Kennedy Center, with $25 Million Stimulus Funding, Furloughs 96 Members of National Symphony

Audience members watch as Italian conductor Gianandrea Noseda conducts the National Symphony Orchestra (NSO) during a concert at the John F. Kennedy Center for the Performing Arts in Washington DC, on February 14, 2019. - In the concert hall, the sound is crisp, slicing through the air like a sharp …

Just hours after Congress passed and President Donald Trump signed the $2 trillion coronavirus relief bill into law, the Kennedy Center — the recipient of $25 million — furloughed members of the National Symphony Orchestra.

The center, which was created by an act of Congress and is classified as a living memorial to President John F. Kennedy, has also canceled live performances until May 10 as part of the national guidance to limit gatherings to ten people or less.

The Washington Post reported on the furloughs:

In a conference call Friday night, Rutter told orchestra leaders that the 96 musicians would receive their last paycheck on April 3 and that they will not be paid until the arts center reopens. In addition, she said their ­health-care benefits would stop at the end of May if the arts center is still closed at that time.
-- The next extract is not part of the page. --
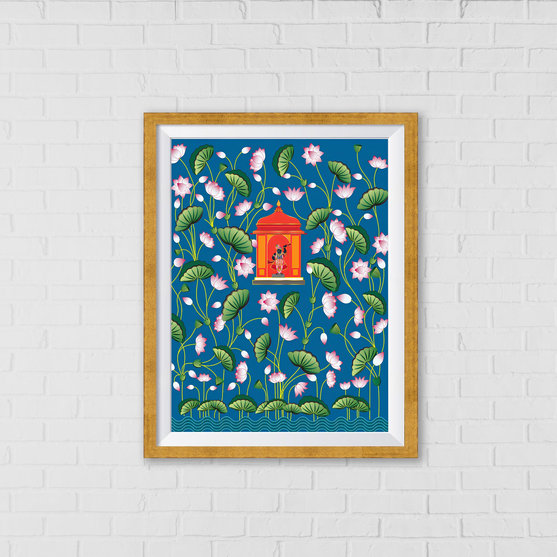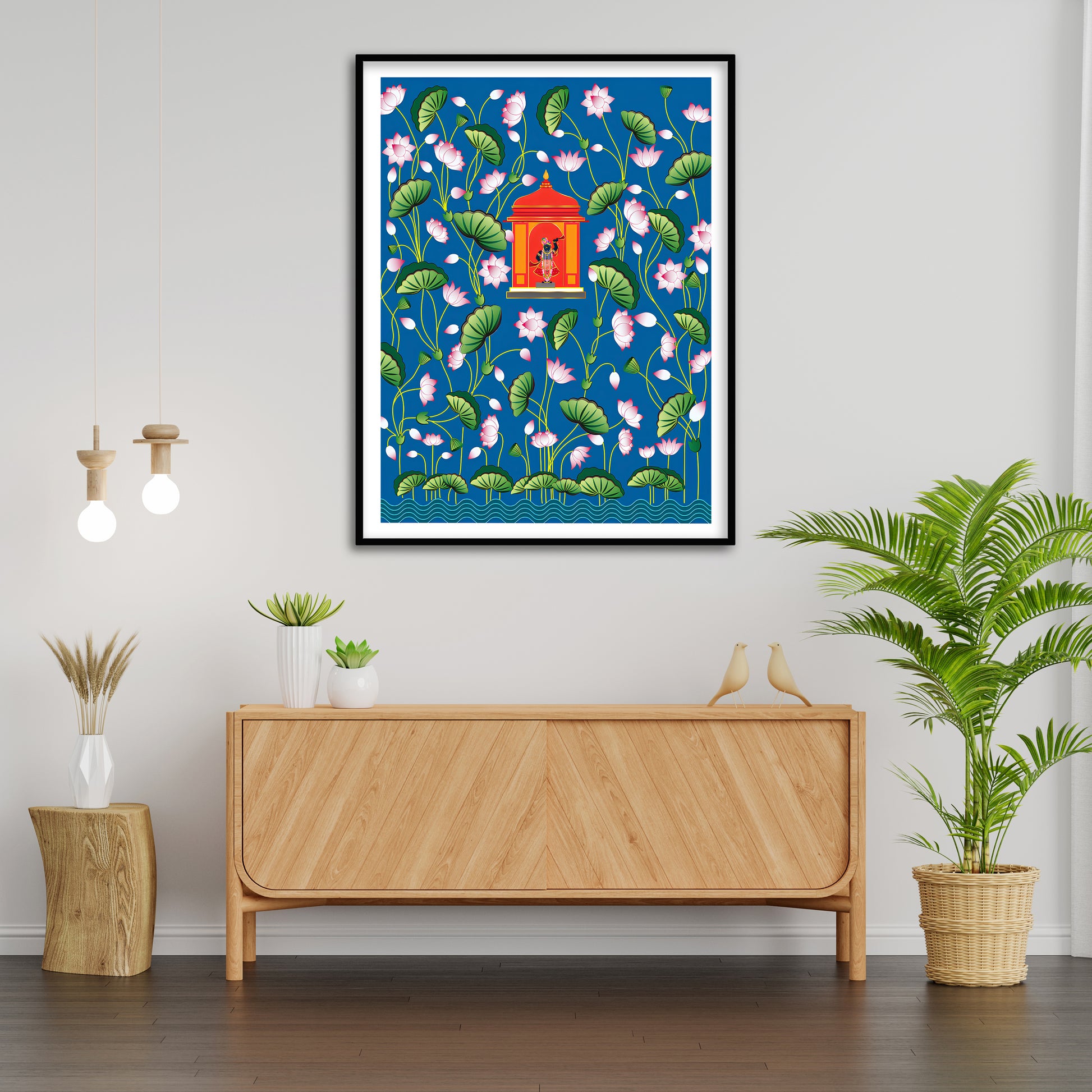 Shrinathji Lost in the Lotus Blooms Pichwai Art | Indian Wall Art Decor

The announcement was characterized by several NSO members as a shock.

The center put statements about its status on its website, which said, in part:

As we fulfill our congressional mandate, we rely on ticket revenues and contributions to offset nearly every aspect of our business, including presenting live (often free) performances and offering education programs for millions across the country. 

Additionally, the Center is a job creator, providing employment for nearly 3,000 people and compensation for more than 1,000 guest artists. Our workforce includes artists, programmers, administrative and production staff, ushers, bartenders, food service employees, parking attendants, and many more, all of whom have been impacted or will soon be impacted by the closure of the Kennedy Center. The ability to deliver on our mandated mission is at risk. As a result, federal relief funding is the only way we will be in a position to reopen the nation’s cultural center when our government officials tell us it is safe to do so.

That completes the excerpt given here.